3. Cultural Aspects -- who sings the song? Is the artist popular? Has he/she released good music in the past? Is the song a part of a movie soundtrack? is there a story behind the song? When in the year was the song released?
Hypothesis
Hypothesis: There is a correlation between the contents (lyrical, sounds, cultural) and how successful a song is throughout its lifetime, and the correlation coefficient r2 is at least .6.
Methodology
Measuring a song's lifetime success
A huge aspect of this project is calculating how successful a song actually is. It's important to have a formal definition of "success," so we'll define it here. The ranking process is based on the American Billboard Top 100 (ABT100), the de-facto rating authority for music. Each week, the ABT100 releases a ranking of the most popular 100 songs for the week. For all intensive purposes, we will assume that these measurements actually measure how successful a song is. There is a strong correlation between the ranks and amount of money grossed.
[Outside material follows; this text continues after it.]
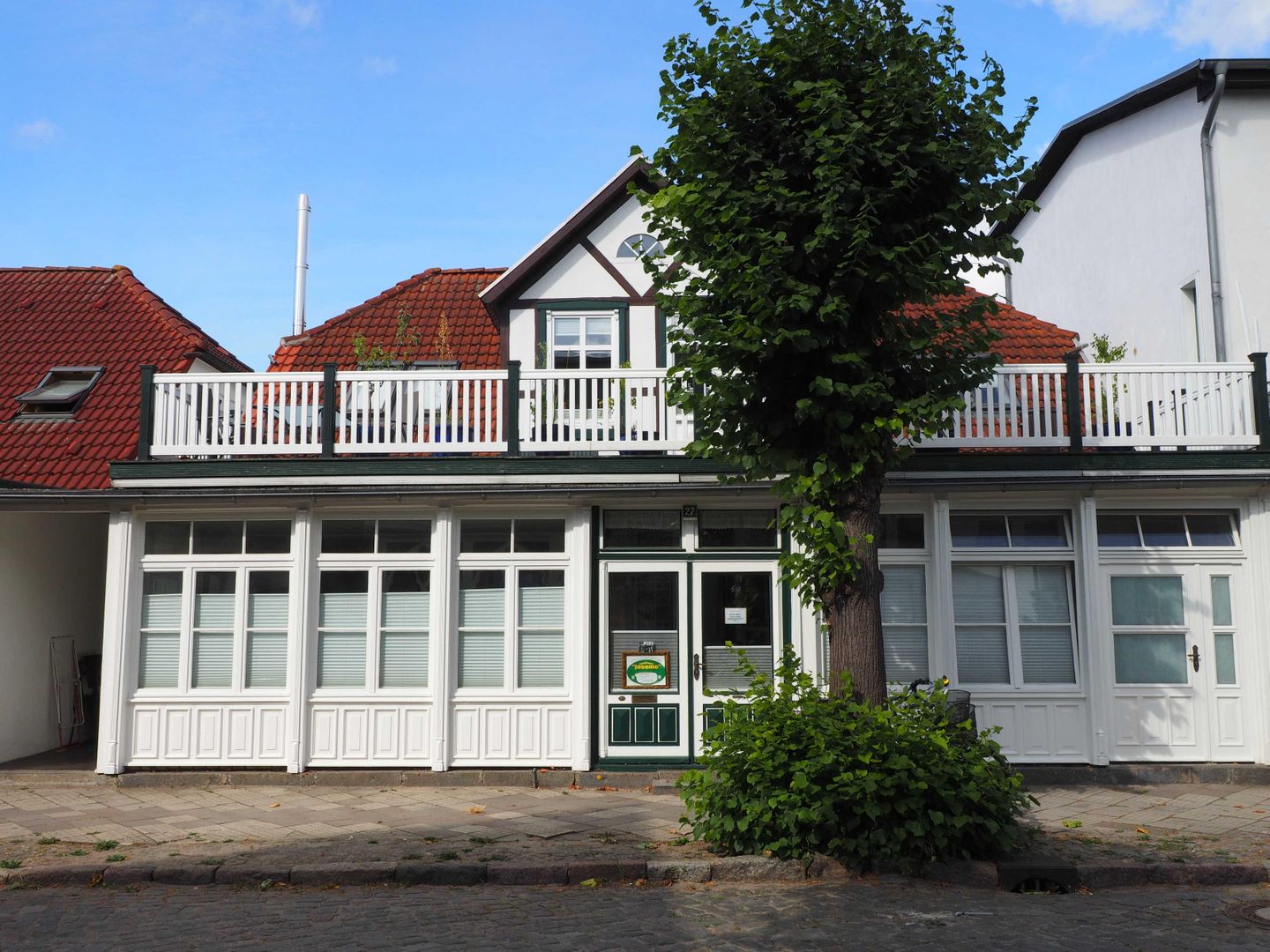 Willkommen in Ihrem persönlichen Rückzugsort mit Geschichte! Unser liebevoll restauriertes Kapitänshaus beherbergt ein ganz besonderes Ferienapartment im Erdgeschoss, das auf rund 40 m² mit viel Charme und Stil begeistert. Das Apartment verbindet auf harmonische Weise historisches Ambiente mit modernem Komfort. Die Einrichtung kombiniert sorgfältig ausgewählte Möbel aus der Gründerzeit mit zeitgemäßem Design – ein Ort, an dem Sie sich vom ersten Moment an wohlfühlen werden. Der einladende Eingangsbereich führt in den gemütlichen Wohnraum mit Sofa, Kabel-TV und kostenfreiem WLAN. Obwohl es sich bei dem Apartment um einen großzügigen Raum handelt, wurde dieser durch eine besondere Jugendstil-Trennwand – ein Originalstück aus einem mecklenburgischen Jagdschloss – stilvoll und funktional gegliedert. Eine kunstvolle Tiffany-Glaswand unterstreicht die elegante Raumaufteilung und trennt den Wohnbereich behutsam vom Schlafbereich. Dieser ist mit einem komfortablen Doppelbett sowie einem geräumigen Kleiderschrank ausgestattet. Angrenzend befindet sich eine praktische Küchenzeile mit Ceranfeld und Backofen sowie ein gemütlicher Essplatz für zwei Personen. Das moderne Badezimmer ist mit einer Dusche mit tiefem Einstieg ausgestattet und rundet den durchdachten Komfort dieser Ferienwohnung perfekt ab. Hinweis. Die Wohnung verfügt über keinen eigenen Stellplatz.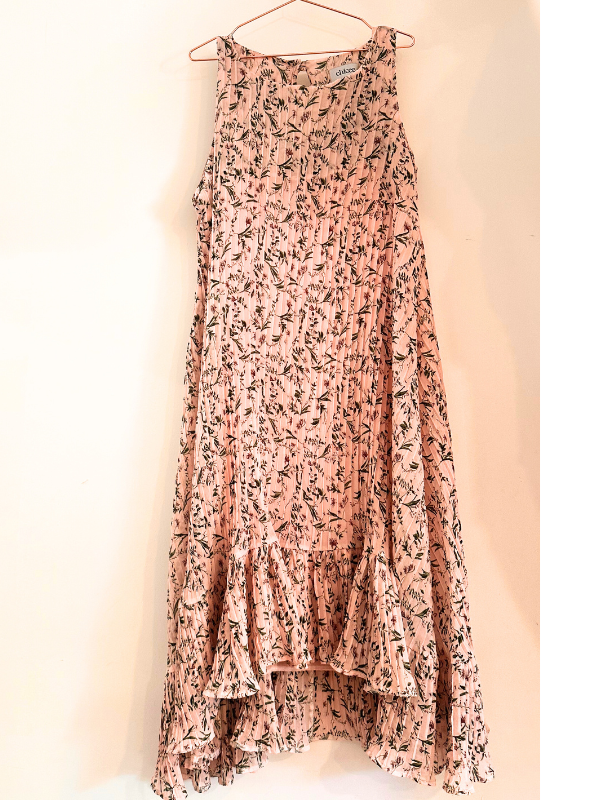 Vestido maxi, sem manga, com folho drapeado em abaixo. Bastante fluído, aperta atrás com um botão forrado no mesmo tecido.

Songs are normally on the billboard for more than one week. Here's an example of how we will calculate a song's score:
| Week # | Rank on ABT100 | Score | Comment |
| 1 | 20 | 80 | Song debuts on billboard in 20th place |
| 2 | 10 | 90 | Gains momentum, jumps to 10th place |
| 3 | 1 | 99 | Explodes, gets first place. |
| 4 | 50 | 50 | Old news. Nobody wants to hear it anymore. |
| Song is no longer ranked. |
All this data is available on the Whitburn Project. In fact, this has a list of every popular song from the year 1890 and counting. I'm not sure if I'm allowed to link to the actual spreadsheet from here, but here's a link: Billboard Pop ME 1980-2008.xls.
Analyzing Attributes
So we mentioned several characteristics of each song. Lyrics, sound, and culture. I don't want to go into analyzing culture quite yet, but it could very well have some interesting information available. If culture did say something about the song, one could make conclusions about how good a song will be before it's even written. Interesting!
Doing transforms on the melodies will be a huge computational challenge. It would also require downloading all of the songs and sorting through a LOT of noise to find the actual music signal. There is certainly some value in here, but it would be much easier to start off with the lyrics to describe a song.
Lyrical & Semantic Comprehension
- Latent Semantic Analysis seems like a very, very good contender. Most of the LSA tutorials I've walked through have had the following steps:
- Aggregate all documents into Document Vector D: { d1, d2, ... ,dn}. Each element in this vector represents a document, in our case, a song.
- Normalize Text by making everything in lowercase and cleaning up whitespace
- Stem words using some stemming algorithm. Stemming algorithms simply trim off the endings of words This turns, for example, the word "going" -> "go", "passive" -> "pass", etc.
- Tf-idf: This is a brilliant step. It finds the important words in document by comparing that word's relative frequency to the frequency throughout all of the documents being compared. Stemming algorithms realize that the word "that" isn't very important because it appears everywhere, but "smack" is a more important word.
Source Code
I started this off with a school project; I'll post the source code on github.
Interested?
Email me if you have any questions, my email is omar.bohsali@gmail.com. I'm also in #musicanalysis on freenode.
Comments
Sam:
Sounds interesting. I think the "cultural" variable will have the highest correlation but will also be the least interesting (since the market(aka record labels) already take it into consideration when deciding how much an artist's contract is worth.
I don't need to know that a song by Britney Spears is more likely to be successful than one by an unknown. I do want to know if a song by an unknown is likely to be more successful than one by an also unknown peer.
To do that I'd suggest focusing on correlating only lyrics and sounds to the success of a song.